– Помилосердуйте! – всхлипнул священник, поняв слова по-своему. – Вы приказали, я не смел ослушаться.
– Успокойтесь, – небрежно, но желчно вырвалось у Шумского. – Вы свое дело делали: позвали вас для панихиды, вы и служили.
Шумский тронул за руку Авдотью и умышленно выговорил:
– Пойдем, матушка.
Когда они были за церковной оградой, Авдотья все еще с красным заплаканным лицом закачала головой и произнесла с отчаянием:
– Что ты творишь, Миша? Что ты творишь? Себя ты порешил загубить, но за что же ты других, безвинных, губишь? Ведь суток не пройдет, граф может и батюшку и всех кладбищенских во прах обратить. А это человек сердечный, добрый, все его уважают, и семейный. Ты эдак и младенцев безвинных перегубишь. Ты дразнишься, а все Грузино, гляди, ныне же кровью обольется… Они твою вину на рабах сорвут.

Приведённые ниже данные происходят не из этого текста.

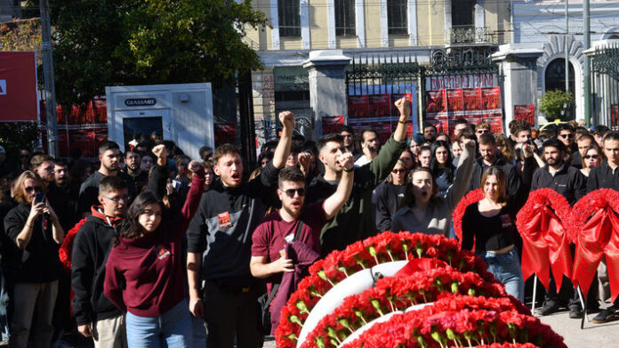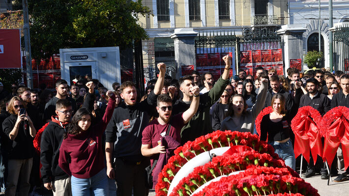 «Το ΚΚΕ τιμά τον ηρωικό φοιτητικό και εργατικό – λαϊκό ξεσηκωμό του Πολυτεχνείου, αντλεί δύναμη από το παράδειγμα των αγωνιστών της αντιδικτατορικής πάλης και από τα συνθήματά του για «Ψωμί – Παιδεία – Ελευθερία» – «Εξω οι ΗΠΑ, έξω το ΝΑΤΟ». Ο ξεσηκωμός του Πολυτεχνείου απέδειξε ότι ο αρνητικός συσχετισμός δύναμης αλλάζει μόνο απ’ την οργανωμένη δράση του εργατικού – λαϊκού παράγοντα, ενάντια στην ψευδαίσθηση ότι οι αλλαγές κορυφών μπορούν να βελτιώσουν τις συνθήκες για τις εργατικές – λαϊκές δυνάμεις.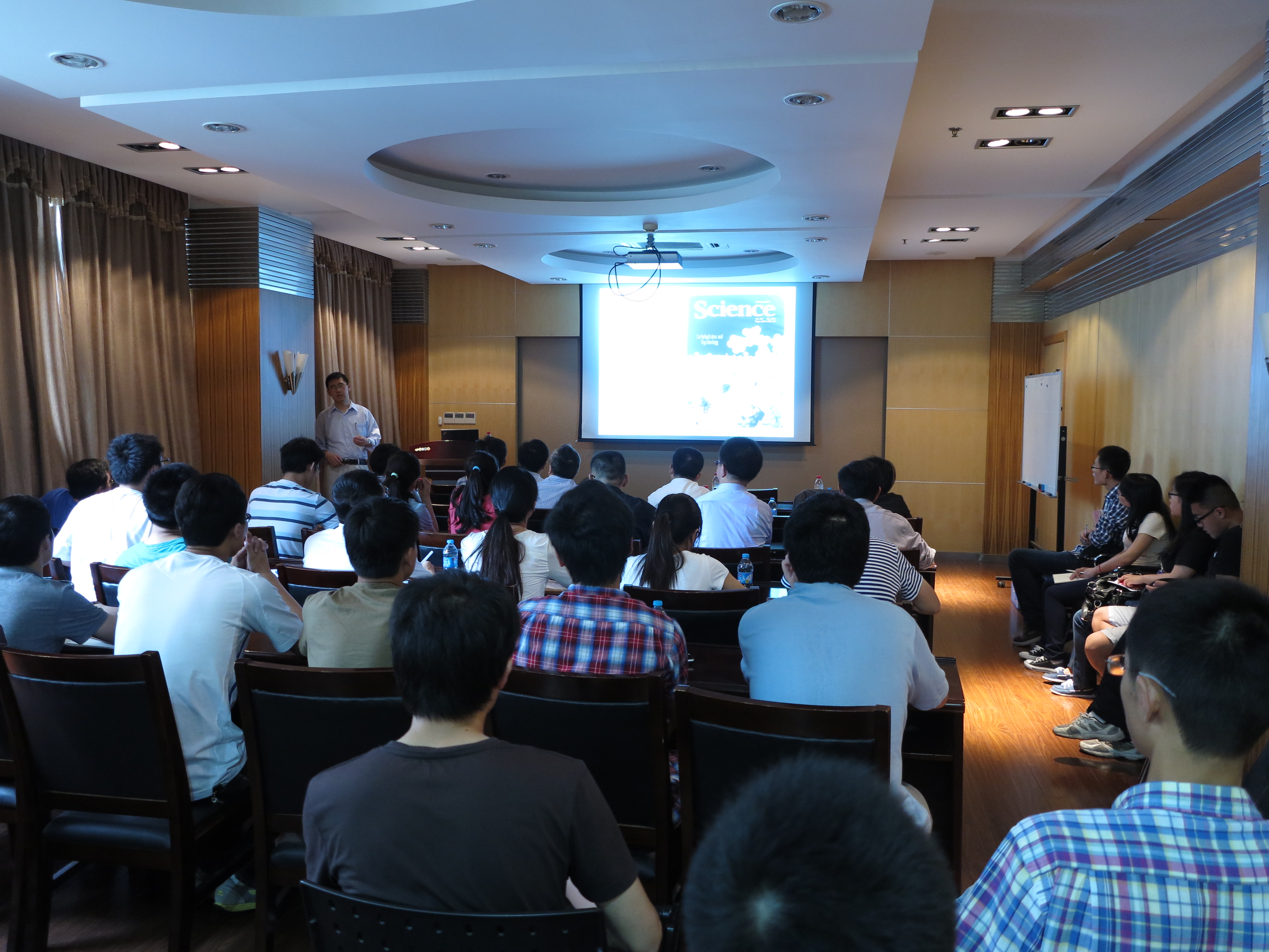 ,钱旭红校长与Binghe Wang教授就肿瘤细胞的分子识别、荧光和质谱探针进行了深入探讨和交流。随后,Binghe Wang教授以“Looking for the “Sweet Spot” and pharmacological targets for disease”为题, 就糖生物化学前沿领域,肿瘤细胞表面特征多糖标识物的分子识别及荧光和质谱探针的设计原理并应用于肿瘤诊断做了精彩和风趣的学术报告,钱校长和与会的师生纷纷提问与Binghe Wang教授进行现场互动。报告会由免费色情影片

Шумский вздохнул и ничего не ответил.
Глава VIII
Едва только Шумский вернулся в дом, как к нему явился человек и доложил, что граф просит его к себе. Молодой человек, не ожидавший, что придется тотчас же идти к Аракчееву со своим роковым объяснением, слегка смутился, но тотчас же оправился и взбесился на самого себя.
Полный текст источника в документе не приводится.